In the absence of a statutory provision authorizing the procedure for the police to obtain a chemical test, in 1953, the legislature enacted a separate provision, Vehicle and Traffic Law § 71-a, the precursor to the current deemed consent provision, under which a motorist was deemed to consent to a chemical test "administered at the direction of a police officer having reasonable grounds to suspect such person of driving in an intoxicated condition." In the event a motorist refused to submit to "such chemical test," the provision required that the commissioner "shall revoke his license" (L 1953, ch 854). At that time, evidence of a refusal to take the test, as opposed to the results of the test itself, was not admissible (see Sponsor's Mem, Bill Jacket, L 1973, ch 351), and there was no two-hour limitation in the deemed consent provision. Due process concerns with respect to the chemical test procedure and the revocation provision (see Matter of Schutt v Macduff, 205 Misc 43 [Sup Ct, Orange County 1954]) led to the statute's amendment the following year to require an administrative hearing prior to license revocation (L 1954, ch 320). A requirement that the motorist had to be under arrest was also added, as was the authority to temporarily suspend the motorist's license without notice on the basis of a sworn police report, pending the determination of the hearing (L 1954, ch 320). The Vehicle and Traffic Law was recodified in 1959: section 70 (5) containing the two-hour evidentiary rule and the substantive crime of DWI became section 1192, and section 71-a, containing the deemed consent and mandatory revocation for refusal provisions, became section 1194 (L 1959, ch 775).

The prerequisite refusal warnings were added to section 1194 (1) in 1968 (L 1968, ch 85). The refusal warnings were intended to encourage more motorists to consent to the test and were applicable in the "completely separate" administrative proceeding context (see Mem of Commissioner of Motor Vehicles, Bill Jacket, L 1968, ch 85). In 1970, the legislature again recodified the intoxicated driving laws, removing the two-hour evidentiary rule from the offense of DWI (Vehicle and Traffic Law § 1192) and adding it to the deemed consent provision (Vehicle and Traffic Law § 1194 [1]) in a long, unenumerated paragraph that also included the mandatory revocation language (L 1970, ch 275). The following year, the mandatory revocation procedures were removed from subdivision one and placed in separate subdivisions—Vehicle and Traffic Law § 1194 (2), (3), (4) (L 1971, ch 445). The admissibility of chemical test refusal evidence, in Vehicle and Traffic Law § 1194 (2), was authorized in 1973 (L 1973, ch 351).

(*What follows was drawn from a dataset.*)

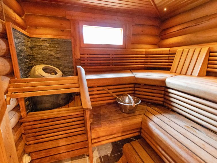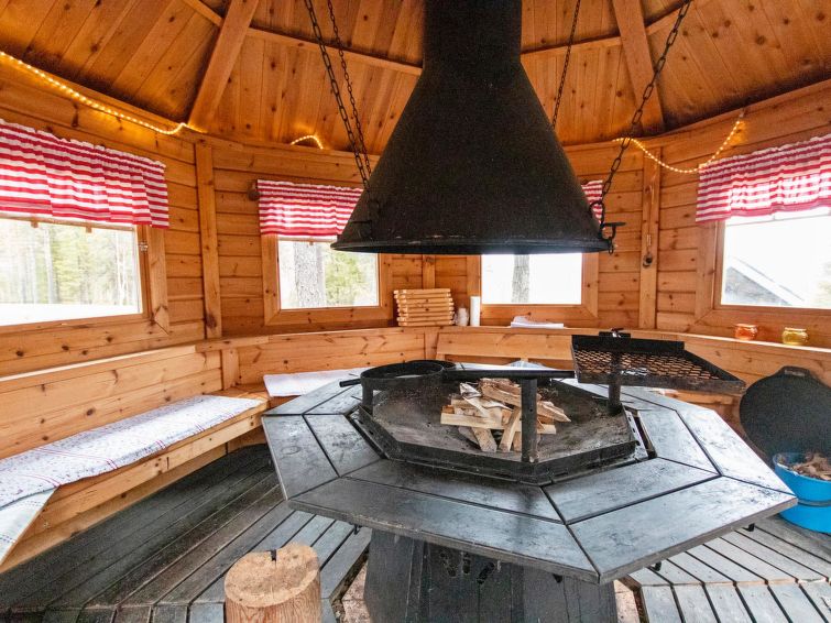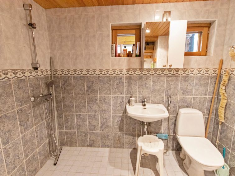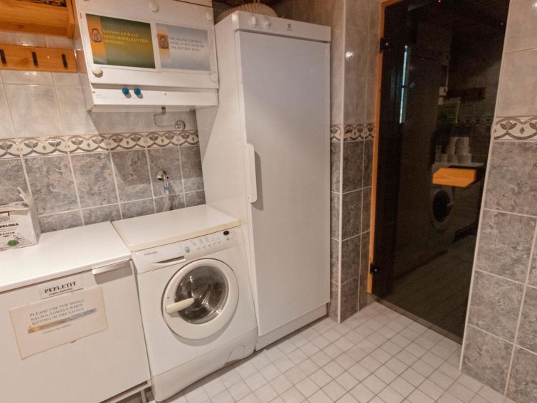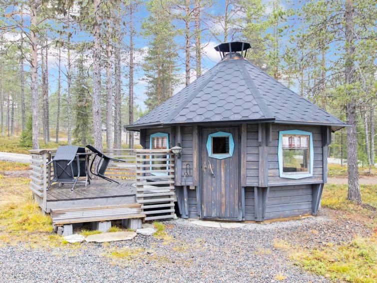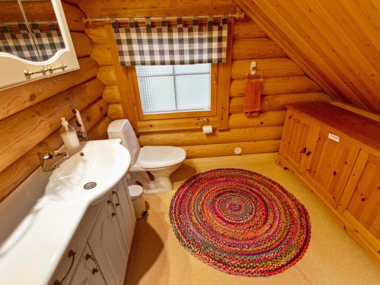Separate log cottage located 40 km north of Kolari in the Äkäslompolo village central area, built 2002. Area 121 m² of which 44 m² on the loft. Downstairs: livingroom/kitchen, bedroom with double bed, electric sauna, bathroom/toilet. Upstairs: bedroom with double bed (140 cm wide), bedroom 2 beds, lobby with two extendable bed sofas, separate toilet. Heated ski maintenance room and two pairs of snow shoes, kick sled, bicycle and grill hut in the yard for the customers' use. WiFi.

In 1980, there was a restructuring of the revocation provisions in section 1194. The 1980 legislation provided for an immediate suspension of a motorist's license upon refusal of a chemical test by the court in the pending criminal action and established the current procedure for the subsequent administrative hearing—including that the scope of "[t]he hearing shall be limited to" four criteria that must be proved at the revocation hearing (L 1980, ch 807)[FN3]. The purpose of the 1980 amendments, including the limitation on the scope of the administrative hearing, was to "provide[] the mechanism for taking quick action" and facilitate "quicker resolution of [DWI] charges" (Letter from DMV, June 18, 1980 at 2, Bill Jacket, L 1980, ch 807, at 15). The legislature also clarified that the administrative license revocation applies upon refusal, independent of whether the motorist is ultimately convicted of the intoxicated driving offense for which he or she was arrested (L 1981, ch 347). Never, in any of the many changes to Vehicle and Traffic Law § 1194 during the 1980s, was the two-hour rule imported into the license revocation provisions. Given this history, the legislature's failure to assign any significance to the timing of a motorist's refusal to submit to a chemical test in Vehicle and Traffic Law § 1194 (2) (c), which specifically identifies the only issues to [*4]be addressed at a revocation proceeding, "compellingly suggests" that the omission was purposeful (see People v Finnegan, 85 NY2d 53, 58 [1995]).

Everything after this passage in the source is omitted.